HOUSTON — Sysco Corp. has reached agreement to acquire Brakes Group from Bain Capital Private Equity for approximately $3.1 billion. Brakes Group is a European foodservice distributor with operations in the United Kingdom, Ireland, France, Sweden, Spain, Belgium and Luxembourg. Under terms of the transaction, Sysco said it would repay approximately $2.3 billion of Brakes Group’s financial debt.
Headquartered in London, Brakes Group will operate as a standalone company within Sysco. The Brakes Group business will continue to be led by CEO Ken McMeikan, with the rest of the company’s management team remaining in place.
Bill DeLaney, CEO of Sysco |
“We look forward to welcoming Brakes Group, its 15,000 employees, and Ken McMeikan and his highly respected leadership team to the Sysco family of companies,” said Bill DeLaney, CEO of Sysco. “This transaction will unite Sysco with a leading foodservice distributor in Europe with demonstrated capability to sustainably grow its business over time. Beginning with a common customer-centric mindset, our companies are strategically aligned with compatible cultures and similar business models. We expect to retain key members of Brakes Group’s talented leadership team and to experience little distraction from integration given the minimal overlap of the businesses. Sysco’s management team remains confident in and committed to achieving our previously announced three-year plan financial objectives.”
McMeikan said the move to join forces with Sysco fits Brakes Group’s next stage of development.
Ken McMeikan, CEO of the Brakes Group |
“Our mission is simple: to help businesses who serve food to thrive, and becoming part of the Sysco family will help us get closer toward achieving that great outcome for our customers, colleagues and suppliers,” he said. “Similar to Sysco’s approach, Brakes Group serves thousands of customers across Europe every day, including pubs, restaurants, hotels, hospitals, schools, contract caterers and more. We have continued to flourish in recent years, and the significant investment that has been made in Brakes Group provides us with a very solid platform for further growth as part of Sysco.”
Brakes Group was established in 1958 by William, Frank and Peter Brake as a poultry supplier to caterers in Great Britain. Today, it supplies an extensive range of fresh, refrigerated and frozen food products, as well as non-food products and supplies, to more than 50,000 food service customers. The group of companies has leading market positions in the UK, France and Sweden, in addition to a presence in Ireland, Belgium, Spain and Luxembourg. Brakes Group supplies more than 50,000 products, including an extensive portfolio of more than 4,000 private brand products.
Brakes Group companies include: Brakes, Brakes Catering Equipment, Brake France, Country Choice, Davigel, Freshfayre, M&J Seafood, Menigo Foodservice, Pauley’s, Wild Harvest and Woodward Foodservice. The company had revenues of nearly $5 billion in fiscal 2015.
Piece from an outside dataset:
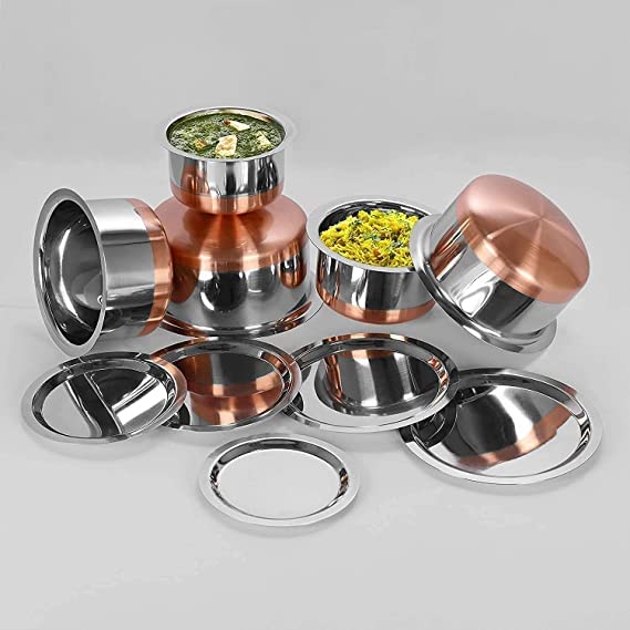 **Easy To use Patiia and lid set of 5** : Ideal For Daily Use On Your Gas Stove. Energy Efficient. Heats Evenly And Cooks Faster. Food Will Not Stick To Your Pan. **Attractive Design** : These Handi Are Is Only Attractive To Look But Also Has A Very Large Capacity. They Can Be Used Not Only To Cook Food, But At The Same Time Due To Their High Storage Space And Attractive Looks, You Can Use Them As Cookware As Well As Serve ware On Your Table Top. **Premium matereal** : Copper Bottom. Premium Quality Mirror Finish Stainless Steel Deep Handi / Cooking Pot For Kitchen. Export Quality Stainless Steel Making The Utensil Highly Durable, Long Lasting & Rust Free. Giving It A Long Live, Keeping It Beautiful For Years /Generations.

“We have complete confidence that Ken’s team will achieve its planned business objectives,” DeLaney said. “We expect to augment this growth by leveraging our combined scale to provide our customers with an even more competitive offering. We look forward to servicing customers across Europe and beyond, with the goal to be their most valued and trusted business partner.”
Sysco’s family of food service distribution companies includes operations in the United States, Canada, Ireland, Northern Ireland and The Bahamas, as well as joint ventures in Mexico and Costa Rica. Additionally, Sysco International Food Group (IFG) provides services to a number of multi-national contract customers conducting business in many different countries.
At closing, the combined companies are expected to generate annualized sales of approximately $55 billion. The purchase price, the refinancing of Brakes Group’s debt, and other fees and expenses in connection with the transaction are expected to be financed with new debt, commercial paper and cash on Sysco’s balance sheet. The acquisition of Brakes Group is expected to be immediately accretive to Sysco’s earnings, the company said.
“Our strong financial position and free cash flow allow us to pursue this proposed acquisition, while maintaining our current capital allocation strategy,” DeLaney said. “We remain committed to reinvesting in our business, growing our dividend, expanding our business through strategic acquisition and repurchasing shares opportunistically.”